97 différentiels, surtout en cas de fente unilatérale et isolée. Cependant, l’échographie conventionnelle 2D trouve ses limites dans le diagnostic et la caractérisation des atteintes palatines du fait de l’ombre acoustique créée par le massif facial, de la position fœtale, des mouvements actifs fœtaux et de la langue fœtale, et de l’échogénicité du palais mou proche de celle de la base de la langue [3,6—8]. Aussi, bien qu’il n’y ait pas de supériorité de l’échographie tridimensionnelle (3D) par rapport à l’échographie 2D pour le dépistage des fentes dans une population à bas risque [9], les progrès de l’échographie 3D, voire 4D, assurent une plus grande sensibilité pour le dépistage des population à haut risque et une meilleure évaluation anténatale des colobomes faciaux [9]. La rotation du volume acquis permet d’obtenir une vue axiale du palais fœtal. Ainsi, les principaux repères anatomiques du palais primaire peuvent être étudiés, en réduisant le cône d’ombre postérieur lié aux os de la face et au processus incisif de l’os maxillaire [8,10]. L’analyse 3D de l’arcade dentaire dès 18 SA permet également d’évaluer au mieux l’extension et le pronostic des fentes orofaciales [7]. Par ailleurs, en cas de difficulté diagnostique, le scanner osseux à partir de 26 à 28 SA peut être une aide précieuse pour confirmer une atteinte du plancher de l’orbite. Enfin, la réparation chirurgicale de ce type de fentes est difficile et demande plusieurs interventions afin de restaurer la distance oro-oculaire et de corriger les défects osseux et des tissus mous.
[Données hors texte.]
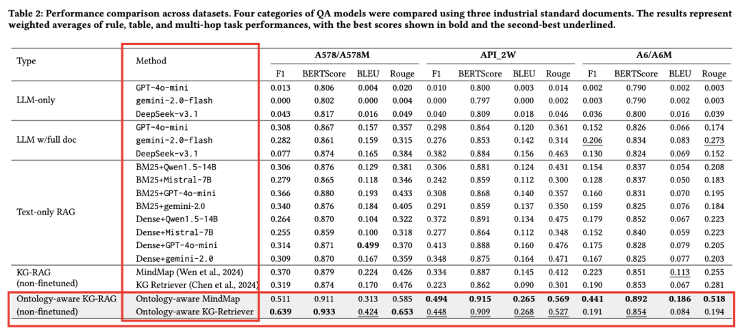 Ontology-aware KG-RAG 总体获得最优,对比模型:DeepSeek-v3.1 、gemini-2.0-flash、Dense+gemini-2.0、BM25+Qwen1.5-14B

Dans la mesure où de potentiel de croissance du massif facial est altéré chez ces patients et qu’il est primordial de protéger la cornée, la chirurgie peut être proposée dans les premiers mois de vie [1].

Conclusion Cette malformation rare se traduit par une fente faciale oblique oropalpébrale, dont le pronostic fonctionnel et esthétique est très péjoratif. L’échographie conventionnelle bidimensionnelle trouve ses limites dans le dépistage des fentes palatines isolées et l’exploration des atteintes du palais mou. Et, bien qu’il n’y ait pas de supériorité de l’échographie 3D par rapport à l’échographie 2D pour le dépistage des fentes dans une population à bas risque, cette dernière montre une plus grande sensibilité pour le dépistage des population à haut risque et le bilan lésionnel anténatal des colobomes faciaux, et un intérêt certain dans la communication avec les parents et les partenaires de santé.

Déclaration d’intérêts Les auteurs déclarent ne pas avoir de conflits d’intérêts en relation avec cet article.